I'm trying to use arduino with LCD as car voltmeter. I've got R1=33kohm and R2=15kohm resistors as voltage divider. So if voltage stays below 15V from alternator it wont break arduino by going over 5V(it is the Vmax for inputs?)

But i cant figure out the how to make it show voltage correctly. I've got R1 and R2 in A0.

I tried to do it with this http://www.arduino.cc/cgi-bin/yabb2/YaBB.pl?num=1292921201 but i dont know the right formula for me.


I've got now

Code:

value = analogRead(A0);
vout = (value * 3.4)/1024.0;  //voltage coming out of the voltage divider
vin = vout / (R2/(R1+R2));  //voltage to display

But i think i need the right value to replace 3.4?

[Reply #1 on:]

But i think i need the right value to replace 3.4?

Whatever value is connected to Vref.

[Reply #2 on:]

You mean Ref-pin? Nothing?

[Reply #3 on:]

How about 5 then?

[Reply #4 on:]

I've tried that. But when fluke shows 6.9V at resistors, arduino shows 6.6V. Is it possible to make it accurate or do i just need to finetune that value? Or are 1% resistors just not right for it?

[Reply #5 on:]

I'd leave the 5V as it is (assuming the supply voltage really is 5V) , and check that the values of resistors plugged into the potential divider equation are correct.

[Reply #6 on:]

Arduino adc is max rated for 5.5v, so 6.9v is good to kill it.

[Reply #7 on:]

He's right - I assumed when you wrote "at the resistors", you meant across the potential divider.

[Reply #8 on:]

15Volt  over 33K and 15K gives  max 4.7 volt over the 15K resistor.
As Vref is not connected it uses 5Volt from the Arduino Power supply - you need to measure this as between 4.9 and 5.1 reference voltage = 4% difference!

raw = analogRead(A0);

// raw = 0..1024    representing 0..Vref  volt

vout = 5.00 * raw / 1024.0;  // as Vref = 5.0 Volt (to be measured)

convert to car voltage;

voltageCar = (vout  / 15.000) * (15.000 + 33.000);  // or in short voltageCar = vout * 3.2:

Please fill in the resistors measured values .

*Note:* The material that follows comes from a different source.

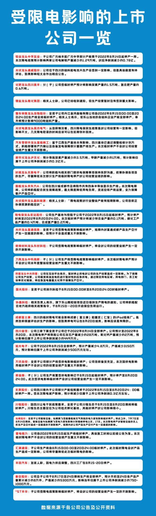 8月14日,四川省经信厅和国网四川联合下发了《关于扩大工业企业让电于民实施范围的紧急通知》,要求从8月15日起,四川省(除攀枝花、凉山)的19个市(州)扩大工业企业让电于民实施范围;对四川电网有序用电方案中所有工业电力用户(含白名单重点保障企业)实施生产全停(保安负荷除外)。原本预计限电持续的时间为8月15日至20日,但现实情况是,截至8月底仍有多个企业仍受限电影响。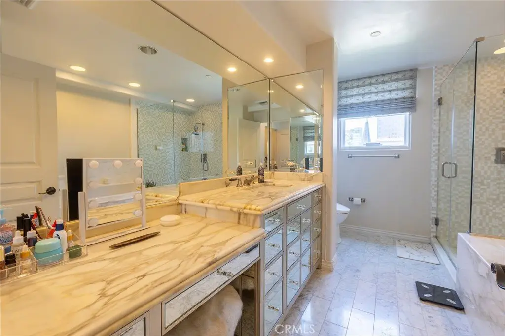 Experience refined living in this elegant 2-bedroom, 2.5-bathroom residence situated in Westwood. Located just moments from UCLA, Westwood Village, Beverly Hills, and the 405 freeway, this condo offers the perfect balance of city convenience and tranquil comfort. This bright and spacious home features oversized windows, coffered ceilings, a custom hand-painted mural, a cast stone fireplace, and a private balcony off the living area. The primary suite offers a large walk-in closet, three additional balconies, and a luxurious ensuite bath with a soaking tub and glass-enclosed shower. The second bedroom also includes its own ensuite for added privacy and comfort. Community amenities include 24-hour concierge, fully equipped gym, banquet room, and rooftop terrace with BBQ and stunning views. This is Westwood condo living at its finest—refined, well-connected, and designed for modern luxury

The final code could become

Code:

// these defines have to be measured
#define VREF  5.10
#define R1 32767.0
#define R2 15140.0

float raw = analogRead(A0);
float vout = VREF  * raw / 1024.0;
float carVoltage = vout / R2 * (R1 + R2);  

// or in a oneliner
// float carVoltage = analogRead(A0) * VREF / 1024.0 / R2 * (R1 + R2);
// as VREF / 1024.0 / R2 * (R1 + R2); are all constants one could compact this to

carVoltage = analogRead(A0) * 0.01576; // used sample constants above.  

-- updated layout --

[Reply #9 on:]

I tried to add measured values from resistors but its still off. Can this even be very accurate? I've changed a bit of R1 and R2 values and now im tenth off comparing to fluke. I think im satisfied with this

Thanks guys!

[Reply #10 on:]

The precision of tha ADC of the Arduino is 10 bit, in practice the last bit may be inaccurate. That means you have approx 500 steps for 0..15 volt ==> at best 1/30 volt precission = 0,2% . Assume the resistors have an accuracy of 1% . suppose VREF has an accuracy of 2%.

Then - float carVoltage = analogRead(A0) * VREF / 1024.0 / R2 * (R1 + R2); - would give an max accumalate error of
                                                    0.2% +     2%  +    0%     + 1% + 1% + 1%  = 5.2%

=> 15V * 5.2% = 0.8 Volt max error => so one tenth of is indeed very good.

Disclaimer not official error math, just an first order approximation.

One can improve the measurement by doing the AnalogRead multiple times:

Code:

float readVoltage()
{
  #define SAMPLES 3.0
  float rv = 0;
  for (int i=0; i< SAMPLES ; i++) rv += analogRead(A0);
  rv /= SAMPLES;
  return rv * 0.01576;   // average of 3 reads times the calculated constant.
}

If time is not an issue one can take more samples ...